[DATASET CONTENT]

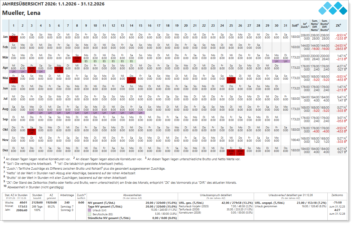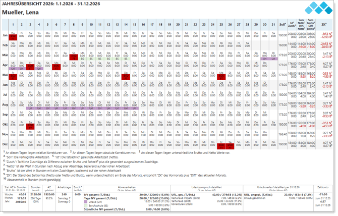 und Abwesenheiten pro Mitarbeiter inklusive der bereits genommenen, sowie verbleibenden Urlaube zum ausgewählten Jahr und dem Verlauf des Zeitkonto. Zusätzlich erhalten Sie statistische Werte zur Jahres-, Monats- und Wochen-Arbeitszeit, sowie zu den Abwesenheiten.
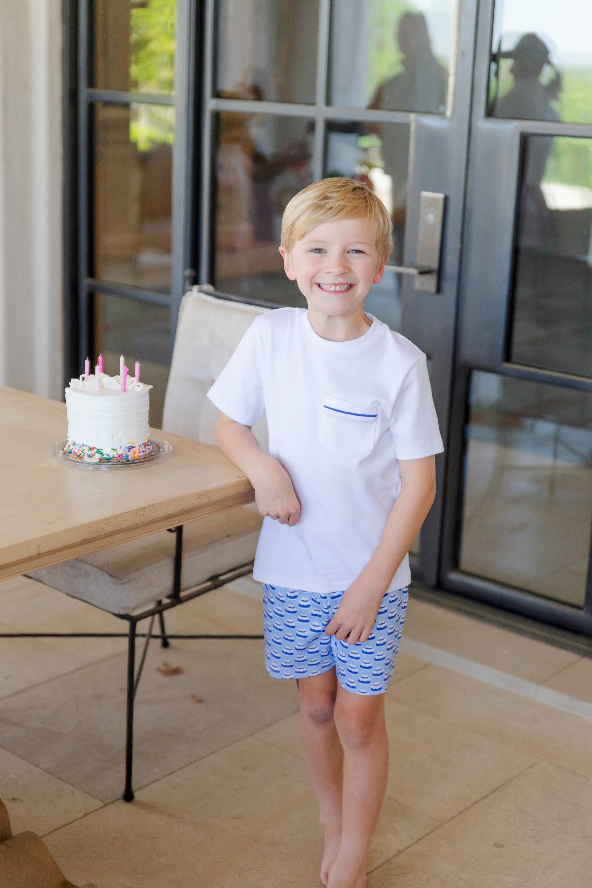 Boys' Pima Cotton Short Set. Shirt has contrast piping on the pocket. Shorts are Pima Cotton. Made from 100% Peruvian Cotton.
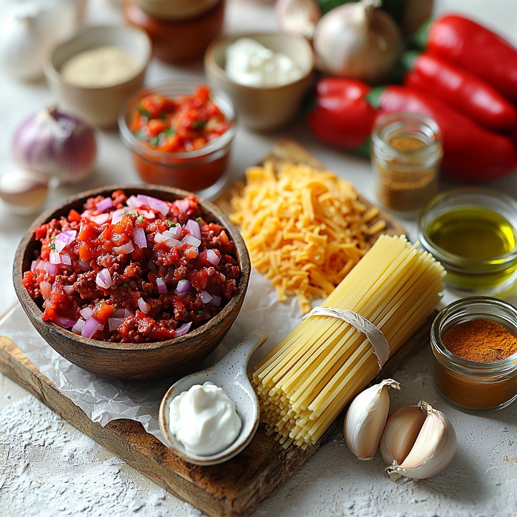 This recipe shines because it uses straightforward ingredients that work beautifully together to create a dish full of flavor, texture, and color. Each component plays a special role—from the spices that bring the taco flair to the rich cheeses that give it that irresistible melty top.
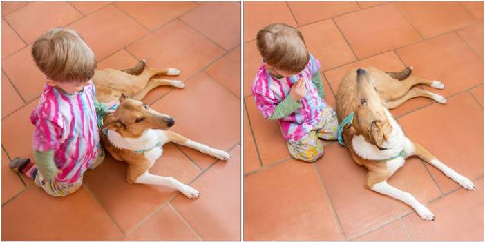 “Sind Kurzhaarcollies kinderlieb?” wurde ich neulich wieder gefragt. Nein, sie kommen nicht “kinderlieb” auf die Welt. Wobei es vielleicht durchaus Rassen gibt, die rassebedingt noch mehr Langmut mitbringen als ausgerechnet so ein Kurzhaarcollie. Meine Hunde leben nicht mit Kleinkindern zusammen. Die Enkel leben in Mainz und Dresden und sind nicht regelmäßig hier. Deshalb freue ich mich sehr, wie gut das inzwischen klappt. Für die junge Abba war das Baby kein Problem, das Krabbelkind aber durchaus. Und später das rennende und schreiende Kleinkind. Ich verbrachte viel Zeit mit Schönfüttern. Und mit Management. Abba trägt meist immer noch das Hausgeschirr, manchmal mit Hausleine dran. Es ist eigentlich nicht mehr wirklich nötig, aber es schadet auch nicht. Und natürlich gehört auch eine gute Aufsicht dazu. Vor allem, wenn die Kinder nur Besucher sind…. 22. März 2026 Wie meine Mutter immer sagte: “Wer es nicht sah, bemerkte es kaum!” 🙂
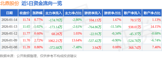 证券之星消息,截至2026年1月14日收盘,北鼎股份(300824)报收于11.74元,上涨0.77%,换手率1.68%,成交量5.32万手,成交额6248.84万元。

[/DATASET CONTENT]
[DATASET CONTENT]

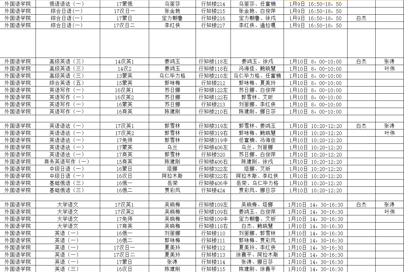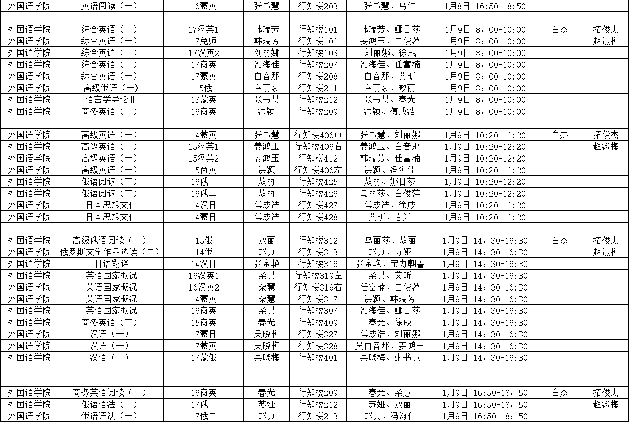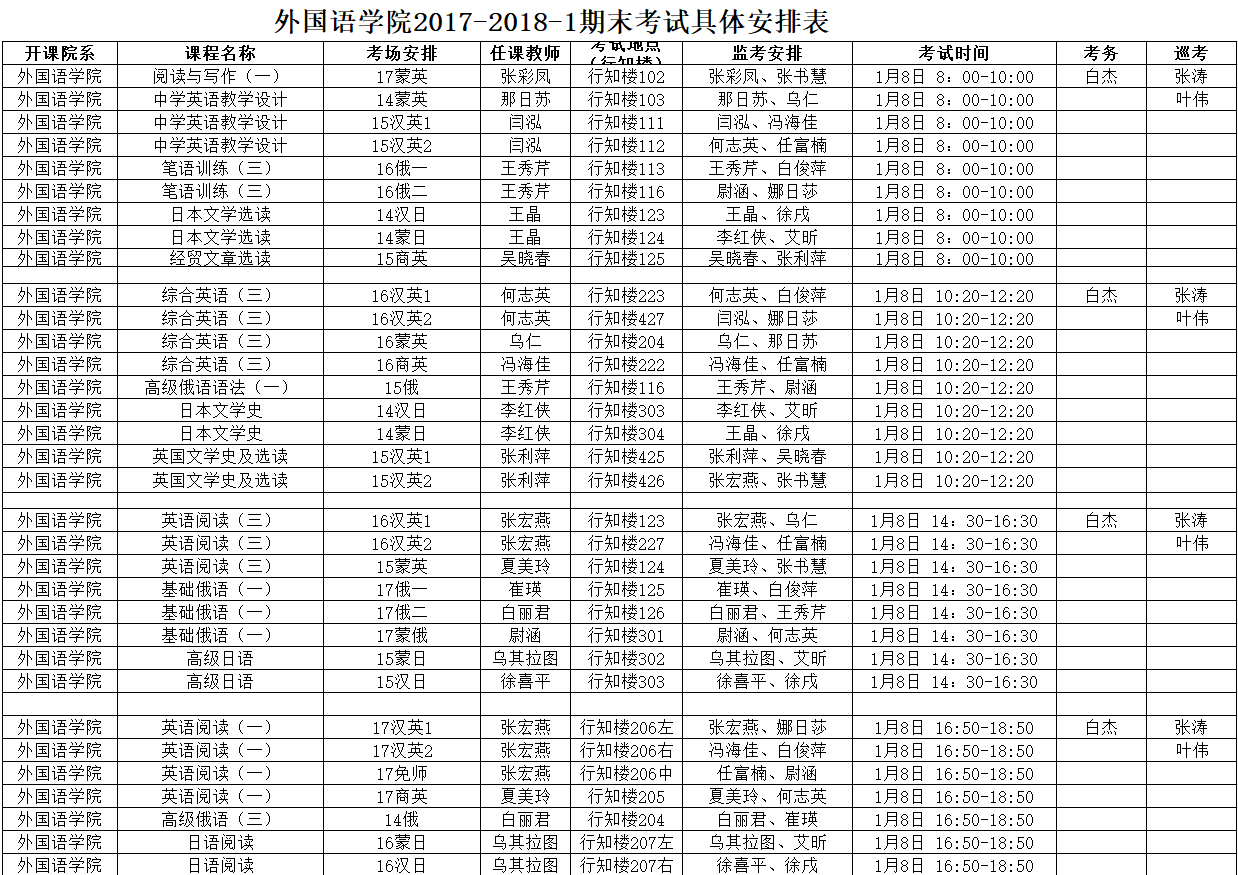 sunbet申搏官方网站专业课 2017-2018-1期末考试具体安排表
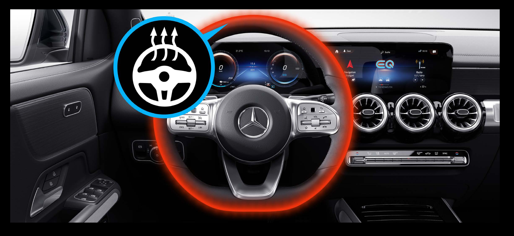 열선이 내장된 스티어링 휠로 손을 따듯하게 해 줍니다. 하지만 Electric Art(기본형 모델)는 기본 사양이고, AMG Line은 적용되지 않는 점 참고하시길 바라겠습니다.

[/DATASET CONTENT]

• **WHAT TO WORK ON**: Whatever pictures the records hold, omit them; give again exactly the lines from the one containing "wurde ich neulich" through the one containing "证券之星消息,截至2026年".

• **PROBLEM SOLUTION**:
 “Sind Kurzhaarcollies kinderlieb?” wurde ich neulich wieder gefragt. Nein, sie kommen nicht “kinderlieb” auf die Welt. Wobei es vielleicht durchaus Rassen gibt, die rassebedingt noch mehr Langmut mitbringen als ausgerechnet so ein Kurzhaarcollie. Meine Hunde leben nicht mit Kleinkindern zusammen. Die Enkel leben in Mainz und Dresden und sind nicht regelmäßig hier. Deshalb freue ich mich sehr, wie gut das inzwischen klappt. Für die junge Abba war das Baby kein Problem, das Krabbelkind aber durchaus. Und später das rennende und schreiende Kleinkind. Ich verbrachte viel Zeit mit Schönfüttern. Und mit Management. Abba trägt meist immer noch das Hausgeschirr, manchmal mit Hausleine dran. Es ist eigentlich nicht mehr wirklich nötig, aber es schadet auch nicht. Und natürlich gehört auch eine gute Aufsicht dazu. Vor allem, wenn die Kinder nur Besucher sind…. 22. März 2026 Wie meine Mutter immer sagte: “Wer es nicht sah, bemerkte es kaum!” 🙂
 证券之星消息,截至2026年1月14日收盘,北鼎股份(300824)报收于11.74元,上涨0.77%,换手率1.68%,成交量5.32万手,成交额6248.84万元。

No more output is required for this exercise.